Task item: Below are records to repeat exactly. Omit the pictures from the copy.

Records contained in a dataset:
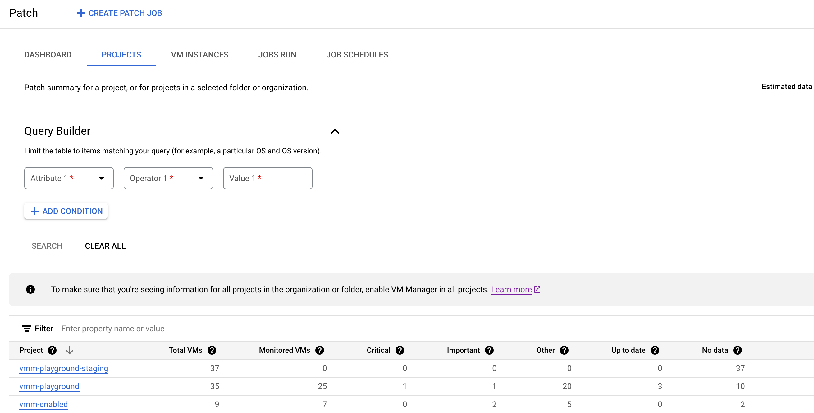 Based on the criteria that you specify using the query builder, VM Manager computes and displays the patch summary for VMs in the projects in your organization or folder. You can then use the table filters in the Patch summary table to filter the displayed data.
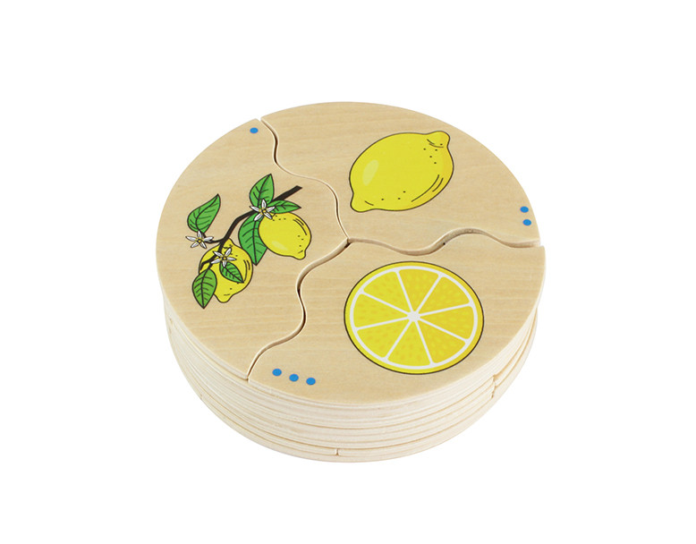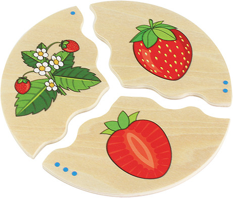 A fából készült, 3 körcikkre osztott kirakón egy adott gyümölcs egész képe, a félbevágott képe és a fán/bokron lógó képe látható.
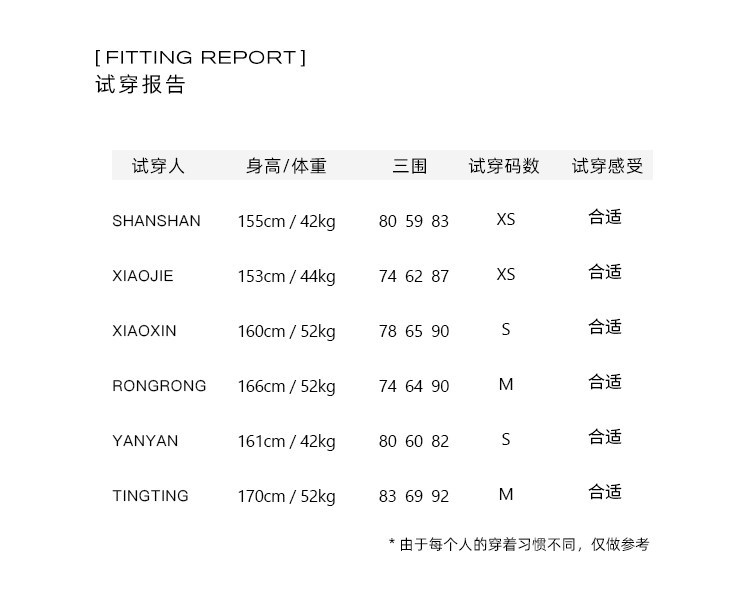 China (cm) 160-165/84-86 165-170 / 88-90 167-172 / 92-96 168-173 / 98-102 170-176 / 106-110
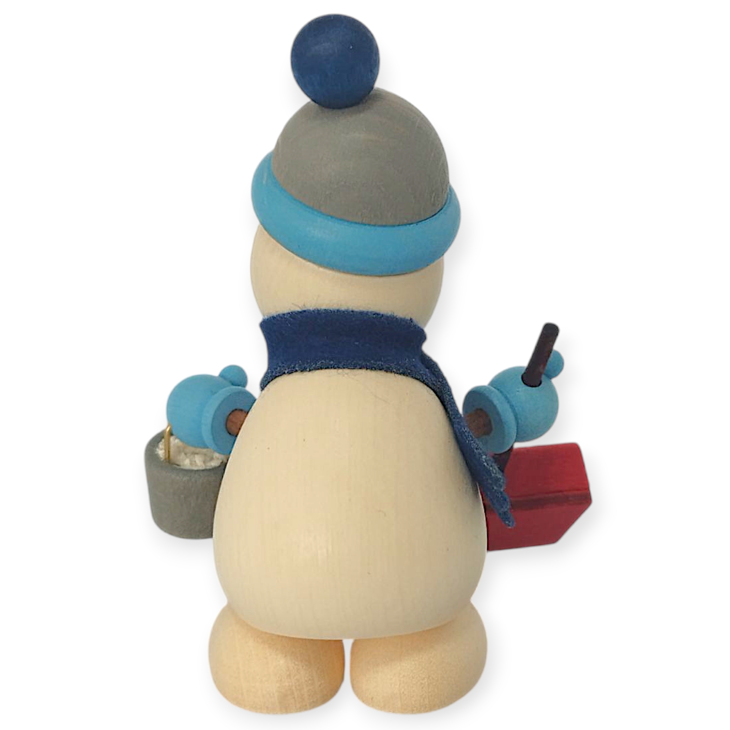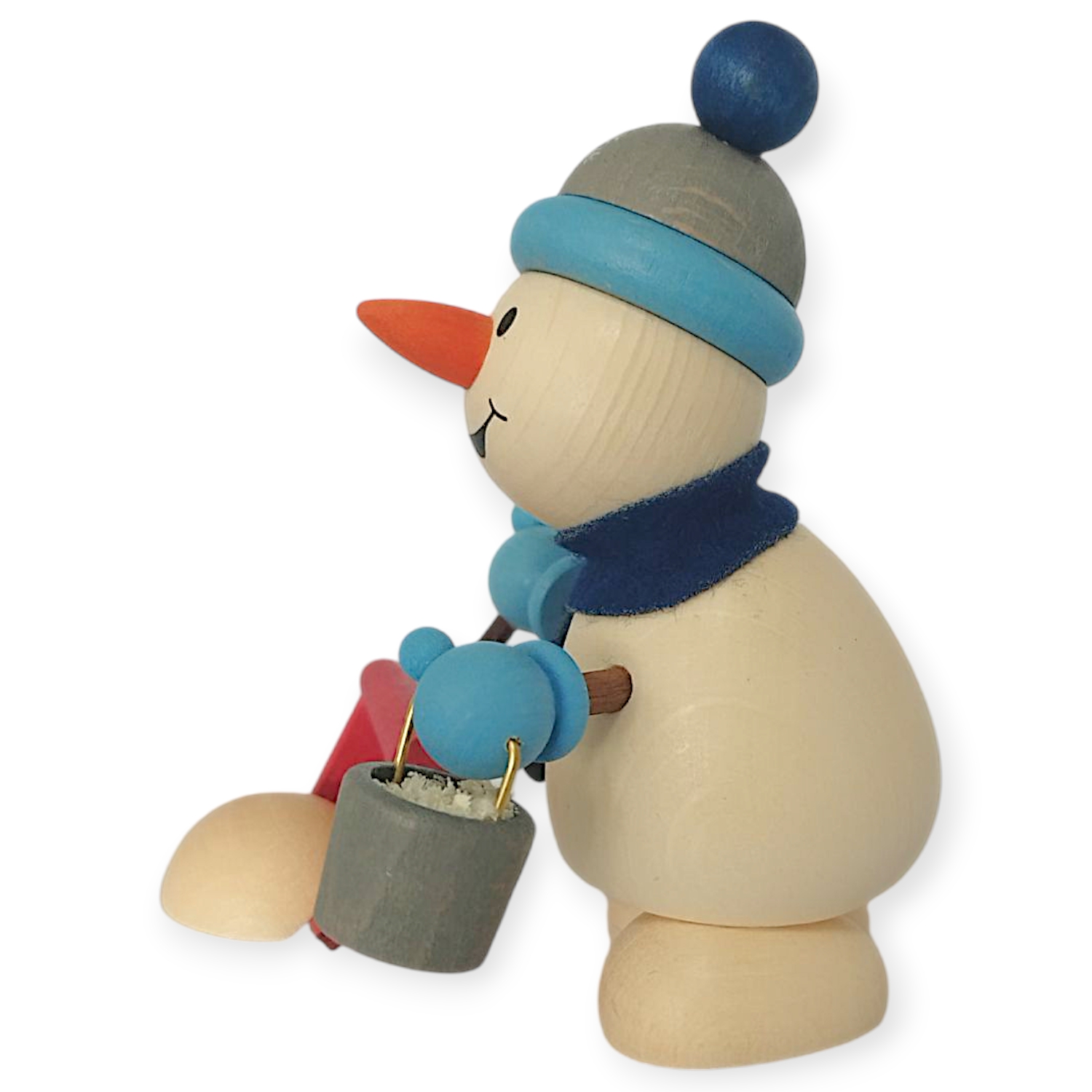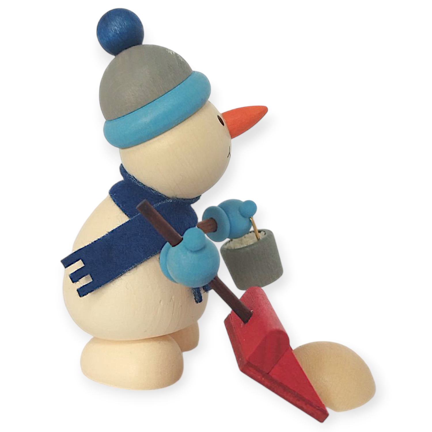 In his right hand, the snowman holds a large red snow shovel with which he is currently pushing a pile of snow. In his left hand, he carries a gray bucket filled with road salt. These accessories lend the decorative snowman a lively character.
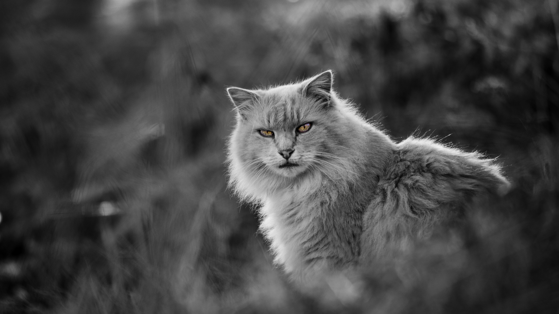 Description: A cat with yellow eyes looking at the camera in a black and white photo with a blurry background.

Solution for this exercise:
 Based on the criteria that you specify using the query builder, VM Manager computes and displays the patch summary for VMs in the projects in your organization or folder. You can then use the table filters in the Patch summary table to filter the displayed data.
 A fából készült, 3 körcikkre osztott kirakón egy adott gyümölcs egész képe, a félbevágott képe és a fán/bokron lógó képe látható.
 China (cm) 160-165/84-86 165-170 / 88-90 167-172 / 92-96 168-173 / 98-102 170-176 / 106-110
 In his right hand, the snowman holds a large red snow shovel with which he is currently pushing a pile of snow. In his left hand, he carries a gray bucket filled with road salt. These accessories lend the decorative snowman a lively character.
 Description: A cat with yellow eyes looking at the camera in a black and white photo with a blurry background.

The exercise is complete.